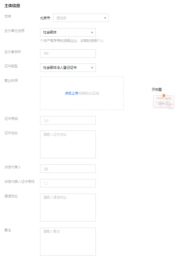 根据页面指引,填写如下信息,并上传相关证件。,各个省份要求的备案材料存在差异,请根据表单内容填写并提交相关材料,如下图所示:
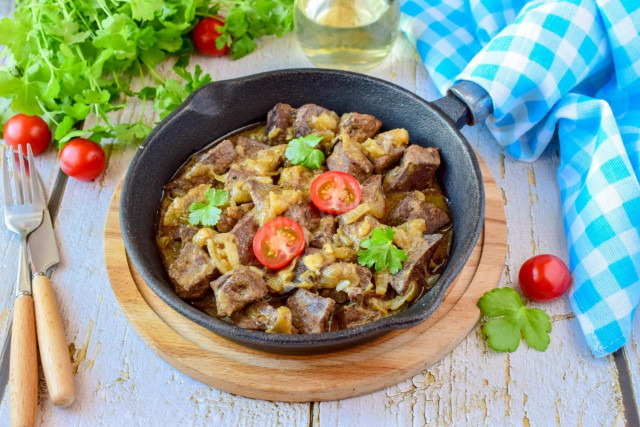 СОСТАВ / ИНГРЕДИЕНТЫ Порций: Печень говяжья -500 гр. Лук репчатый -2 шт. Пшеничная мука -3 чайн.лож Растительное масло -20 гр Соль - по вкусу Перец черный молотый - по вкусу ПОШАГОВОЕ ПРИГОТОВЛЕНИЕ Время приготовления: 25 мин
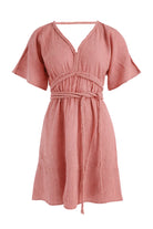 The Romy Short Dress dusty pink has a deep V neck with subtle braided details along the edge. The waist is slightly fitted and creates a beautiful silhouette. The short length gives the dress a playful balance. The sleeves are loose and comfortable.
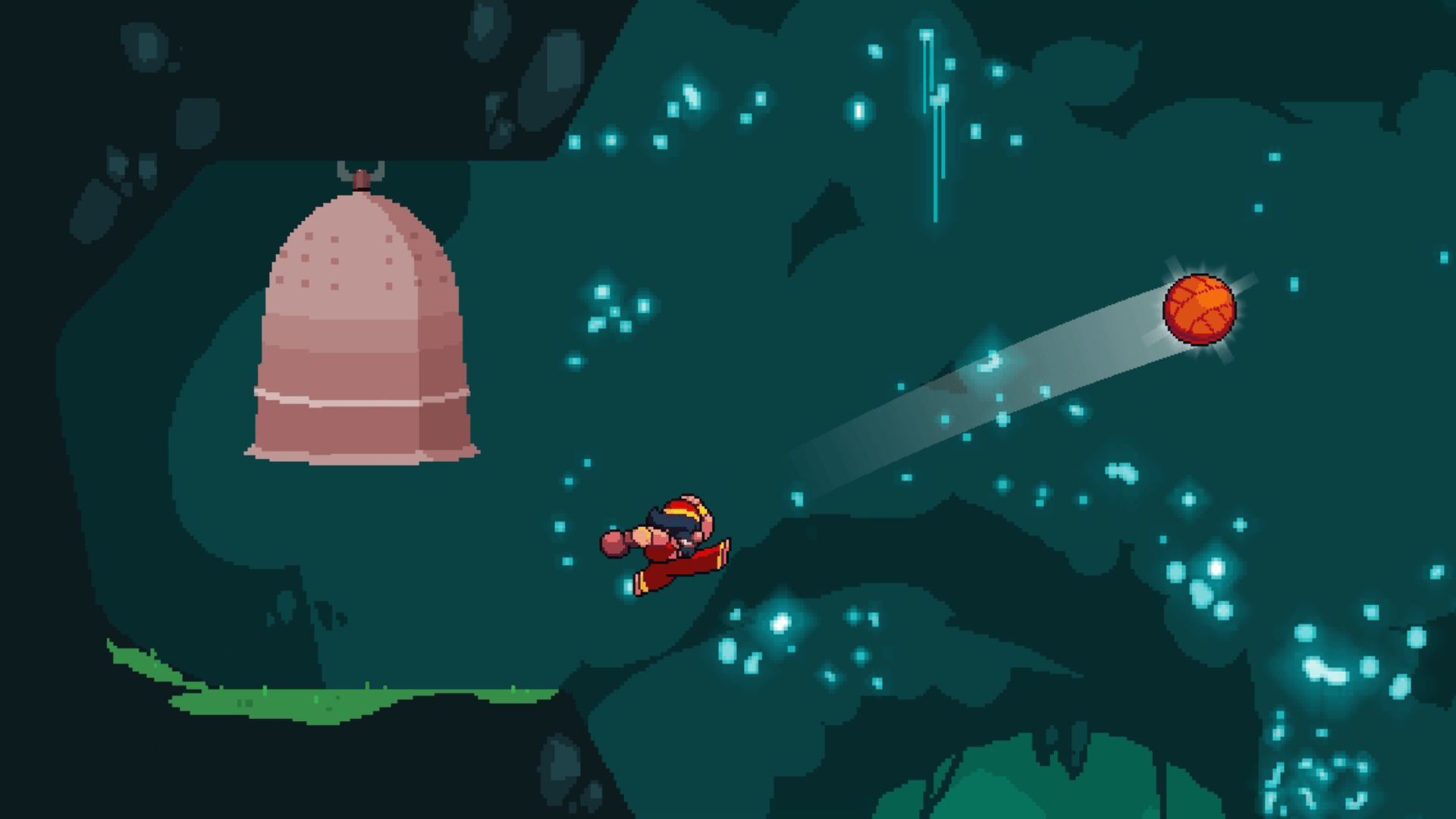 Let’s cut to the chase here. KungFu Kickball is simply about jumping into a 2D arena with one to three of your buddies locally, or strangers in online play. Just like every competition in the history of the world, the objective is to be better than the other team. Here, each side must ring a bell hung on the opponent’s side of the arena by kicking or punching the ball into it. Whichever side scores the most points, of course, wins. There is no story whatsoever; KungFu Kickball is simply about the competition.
* * *
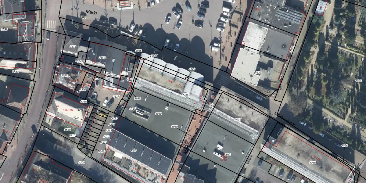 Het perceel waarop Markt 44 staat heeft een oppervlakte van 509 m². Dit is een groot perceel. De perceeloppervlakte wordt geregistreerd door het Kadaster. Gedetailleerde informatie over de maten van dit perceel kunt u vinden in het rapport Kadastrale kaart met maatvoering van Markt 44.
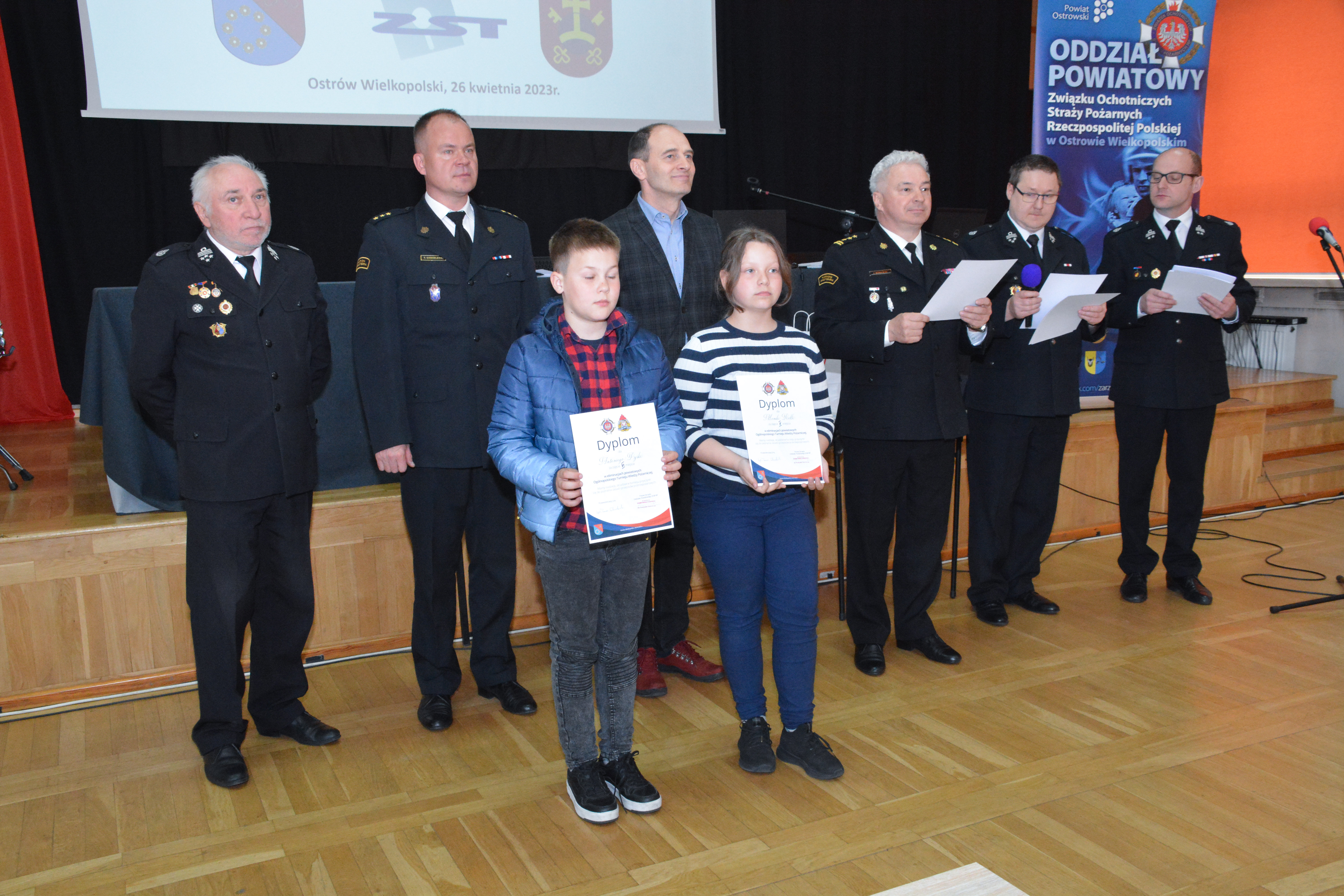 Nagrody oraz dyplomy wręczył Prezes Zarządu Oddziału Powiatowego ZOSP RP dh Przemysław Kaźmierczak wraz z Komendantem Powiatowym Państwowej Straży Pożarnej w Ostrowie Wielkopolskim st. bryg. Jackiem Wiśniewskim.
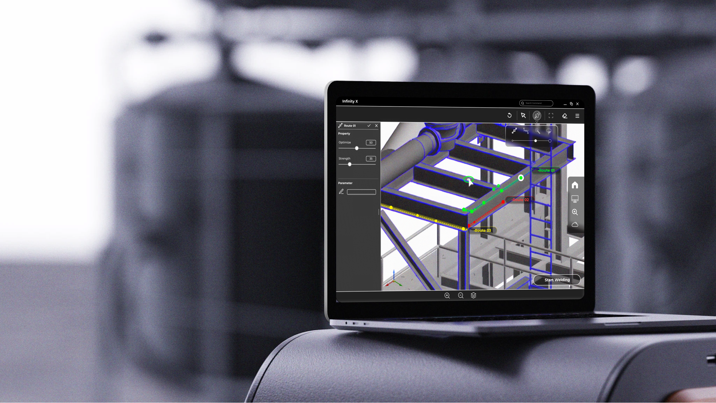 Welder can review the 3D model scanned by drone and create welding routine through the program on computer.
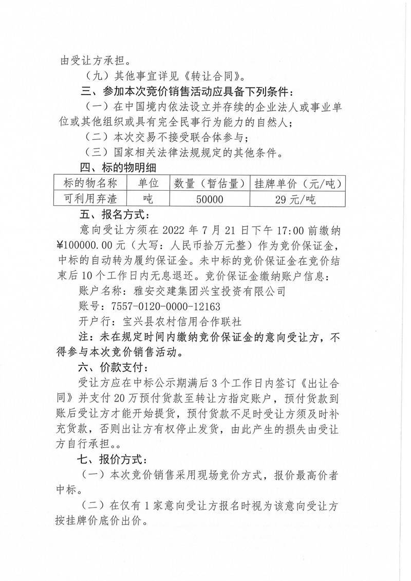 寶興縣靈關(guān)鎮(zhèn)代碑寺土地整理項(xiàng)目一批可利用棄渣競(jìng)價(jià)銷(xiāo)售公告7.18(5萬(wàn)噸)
...
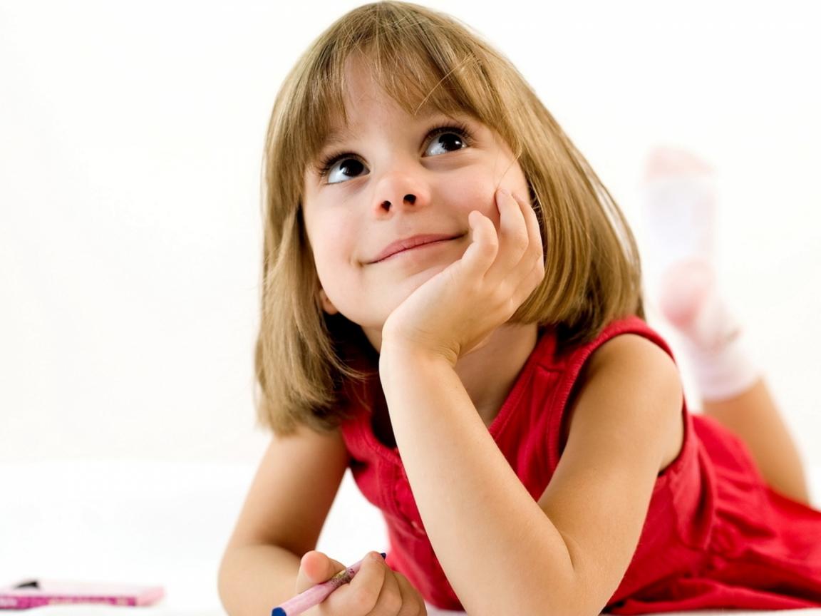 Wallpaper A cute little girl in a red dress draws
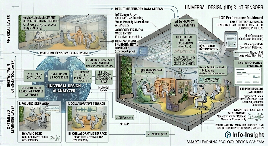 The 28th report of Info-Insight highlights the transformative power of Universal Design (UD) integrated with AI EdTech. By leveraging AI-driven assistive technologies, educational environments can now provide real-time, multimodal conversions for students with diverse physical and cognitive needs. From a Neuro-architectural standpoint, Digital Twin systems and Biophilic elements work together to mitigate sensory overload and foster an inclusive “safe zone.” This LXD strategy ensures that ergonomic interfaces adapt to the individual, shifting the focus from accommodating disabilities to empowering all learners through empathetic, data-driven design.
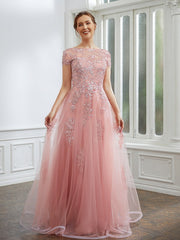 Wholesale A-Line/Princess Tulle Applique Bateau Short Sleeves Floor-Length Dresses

EXERCISE OBJECTIVE ▸ Reproduce the lines above beginning at the line that contains "根据页面指引,填写如下信息,并上传相关证" and ending at the line that contains "СОСТАВ / ИНГРЕДИЕНТЫ". No pictures.

OUTPUT OF THE TASK ▸
 根据页面指引,填写如下信息,并上传相关证件。,各个省份要求的备案材料存在差异,请根据表单内容填写并提交相关材料,如下图所示:
 СОСТАВ / ИНГРЕДИЕНТЫ Порций: Печень говяжья -500 гр. Лук репчатый -2 шт. Пшеничная мука -3 чайн.лож Растительное масло -20 гр Соль - по вкусу Перец черный молотый - по вкусу ПОШАГОВОЕ ПРИГОТОВЛЕНИЕ Время приготовления: 25 мин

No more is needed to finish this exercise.